Luego, Ticio y Sísifo de Tiziano. El gesto crispado resulta fascinante en ambos porque el gesto es dolor. No son telas completamente oscuras, su negrura proviene de las posiciones de los cuerpos junto a algunos sugestivos elementos secundarios: la enorme piedra que corona el cuello de Sísifo como si fuese su propia cabeza; y el oscuro pájaro, en Ticio, mezcla de buitre y cuervo. Justo entonces recuerdo las palabras de Freud en su escrito sobre Leonardo; allí señala que en los jeroglíficos egipcios la figura del buitre representaba la madre. El ave picotea recurrentemente la herida abierta a la altura del hígado de Ticio, tratando de ensanchar el rosado orificio sangrante e introducir la cabeza y el cuello por él. La imagen, de fuerte connotación sexual, me recuerda los malogrados versos de aquel pervertido modernista irlandés: «Untan los cisnes cuellos bajo el ano». Mientras la observo, a veces me giró levemente para controlar a la siniestra figura del fondo. Permanece inmóvil ante su lienzo en blanco. No quiero que se marche, quiero saber qué hace y quién es. Pero todavía no es el momento. Prefiero fingir más adelante un encuentro casual, un accidente. Y al pensar en ello advierto que su visión ya condiciona de algún modo mi marcha.
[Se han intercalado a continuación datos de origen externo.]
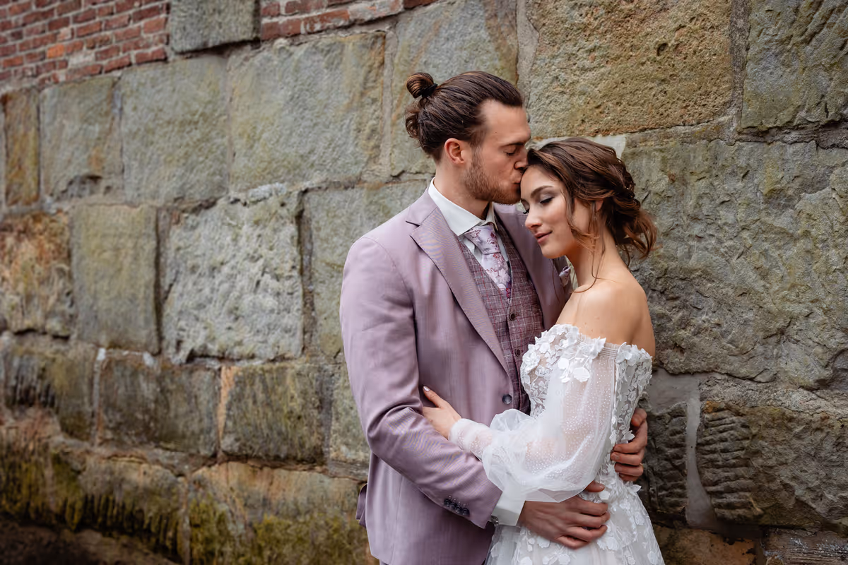 Voor deze shoot waren we te gast bij de locatie de Watermölle in Haaksbergen. Deze locatie heeft zoveel verschillende facetten dat je niet uitgekeken raakt. Aangezien het weer droog bleef, hebben we gekozen om de ceremonie buiten te laten plaatsvinden, maar bij slecht weer is er ook genoeg ruimte binnen om een ceremonie te houden. Daarnaast beschikt de locatie over diverse hotelkamers, die naast slaapvertrek ook gebruikt kunnen worden als ruimte om je klaar te maken.

Si me retraso demasiado, lo perderé. Esta sensación se hace cada vez más intensa y consigue que no pueda concentrarme ante los tizianos. «No estará. ¡No estará, Francis, no estará!», me digo. Pero tengo la certidumbre de que, si avanzo ahora directamente hacia el fondo de la galería, me rehuirá. Por otra parte, soy consciente de que a nadie le gusta ser vigilado cuando trabaja. ¿Qué hacer? «Tranquilízate, Francis, por favor, me repito». Lo intento y respiro más despacio, profundamente, como en los ataques de asma de mi infancia al visitar las caballerizas. Saco mi pañuelo blanco del bolsillo y me seco el sudor de la frente y el cuello. Poco a poco recobró la calma. Después, lo guardo.
Me sorprende encontrar a continuación los trabajos de Cimabue, Grünewald, Daumier y El Bosco. No logro identificar los dos primeros, aunque reconozco a sus autores por su estilo inconfundible. Don Quijote y Sancho de Daumier y La adoración de los magos de el Bosco me hacen pensar en El Prado, pero resulta imposible… solo el tríptico del Bosco se halla en el museo. Me acuerdo de él porque cuando lo vi por primera vez hace años se encontraba plegado y le dije a Peter: «No me extraña… El Bosco siempre me ha parecido un pintor tan mediocre…». Ahora siento que estoy en El Prado, tengo la sensación de El Prado, la misma que he experimentado a lo largo de mi vida cada vez que regresaba a Madrid. No debería estar aquí, lo sé. Pero por algún extraño motivo lo estoy. Bueno, qué importa, ese será mi secreto. Pero, ¿y si el hombre de negro ya lo sabe? En ese momento, el nerviosismo reaparece con intensidad. Antes deseaba que no se marchase y temía perderlo, ahora deseo que el hombre del corredor desaparezca y no me delate. A mi inquietud se añade una progresiva sensación de culpa. Estoy malgastando todo este bonito tiempo con estupideces y conjeturas inútiles. «¿Que te ocurre, Francis? ¡Aprovecha el tiempo, maldita sea!». Y enseguida advierto que he llegado hasta la mitad de la galería pensando en idioteces. Miro hacia arriba y corroboro la existencia de la bóveda que supuse al principio. Debajo, a izquierda y derecha, dos accesos tapiados. «No pierdas más el tiempo, Francis, o se marchará», me digo, pero trazó una diagonal en dirección a la segunda hilera de cuadros, la de la pared izquierda, junto a la altura desde la que inicie la visita.